KAVANAGH, J., did not sit.
FootNotes
"In considering the Wisconsin case, we deem it significant that the court, in construing the term `establishment,' particularly emphasized that, in arriving at its determination of the meaning of that word, the purpose of the statute must be considered, and that the statute must be construed to effect that purpose, if discoverable, and if such a construction were possible. The court then pointed out that it was the employer upon whom the burden was placed to accumulate the fund out of which benefits were to be paid, and that it was the company who was required to accumulate the fund; that the employer was encouraged by the act to furnish steady employment. It was further emphasized that these declarations of purpose pointed to the construction reached by the court that the 2 plants constituted a single establishment. Moreover, the court observed that the fact that the employee was not himself at fault for his loss of employment, was not the sole cause, under the statute, for suspension of benefits; that the law provided that such an employee was not eligible in case the loss of employment was caused by act of God, fire, or other catastrophe, or act of civil or military authority affecting the place of employment. The court concluded its discussion of this question by stating that the meaning of the word `establishment' was to be drawn from the whole act, `rather than from so insignificant a thing as a single proposition.'
"The differences between the Wisconsin and Michigan statutes are obvious. In the Wisconsin statute there is no declaration of policy, as in our law, that the accumulation of funds for unemployment reserves should be used for the benefit of persons unemployed through no fault of their own, in order to limit the consequences of relief assistance. In this connection, the court, in the cited case, observed that in many instances compensation for loss of employment was denied under the Wisconsin law, although the unemployment resulted `from no fault of the employee and the loss is beyond his power to prevent.' Furthermore, the Wisconsin law sets forth in its declaration of policy that each employer should finance compensation for his own unemployed workers and that each employer's contribution should vary with his own unemployment costs. The reserves, under the Wisconsin law, are in the nature of private funds of each employer to be used for his unemployed workers.

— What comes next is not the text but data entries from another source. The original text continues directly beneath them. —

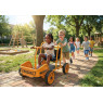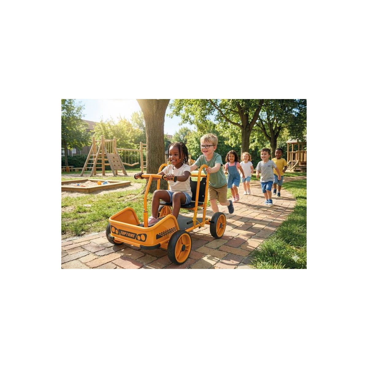 La robuste voiturette des amis Top Trike" garantit le plaisir de jouer ensemble : Plusieurs enfants peuvent s'y amuser., un enfant est assis à l'avant et dirige, un autre pousse.
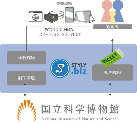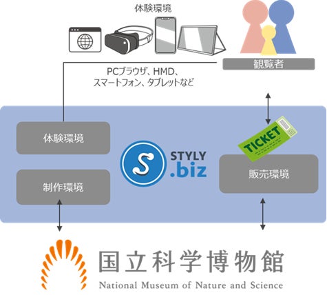 「STYLY.biz」は、ご家庭にあるPCブラウザやスマートフォン・タブレットなどから簡単に体験することができます。また、各種の展示空間を製作するための2種類の制作ツールや様々なイメージテンプレートを備えていて、さらに有料イベントのチケット販売と連携することができます。体験・制作・販売をオールインワンで提供するサービスとなっており、国立科学博物館の提供するバーチャル空間体験を強力にサポートしていきます。
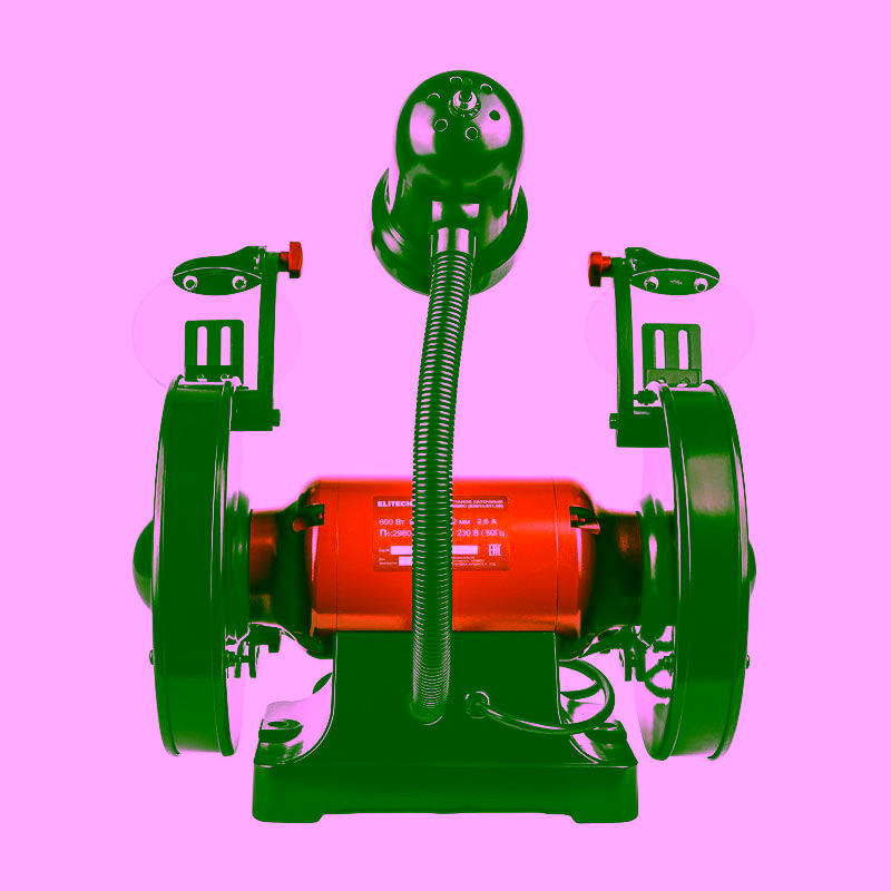 - Два шлифовальных круга разной зернистости в базовой комплектации: один для грубой, другой для чистовой заточки или шлифовки.

The State acts as a trustee. The Michigan fund is a general pooling, made up of various contributions, for the benefit of all unemployed workers, whether in the plant of the employer making the contribution or in another plant. Our State declares its public policy is to provide against involuntary unemployment. There is no similar provision in the Wisconsin law; and that is not the criterion for the payment of benefits under the statute of that State. With regard to declarations of policy, the Wisconsin decision does not militate against the expressed policy of the law of that jurisdiction. To give the construction to the Michigan statute which is contended for by appellant is a negation of the declared policy of our legislature. Under these circumstances, and because of the differences in the objects and declarations of policy in the 2 statutes, we do not consider the Wisconsin case as authority to be followed in the instant controversy." McALLISTER dissent, Chrysler Corp. v. Smith, supra, 464-466.
"The principles of stare decisis and legislative acquiescence in the judicial interpretation of statutes are not absolute, however, and must give way to overriding considerations under cogent circumstances."
"In view of the many decisions of this Court since the Haller Case was decided in 1917, it is apparent that the Haller Case has been effectively overruled by the subsequent Luteran Case and many others, and that the Haller Case has gone `to the mat of discard'."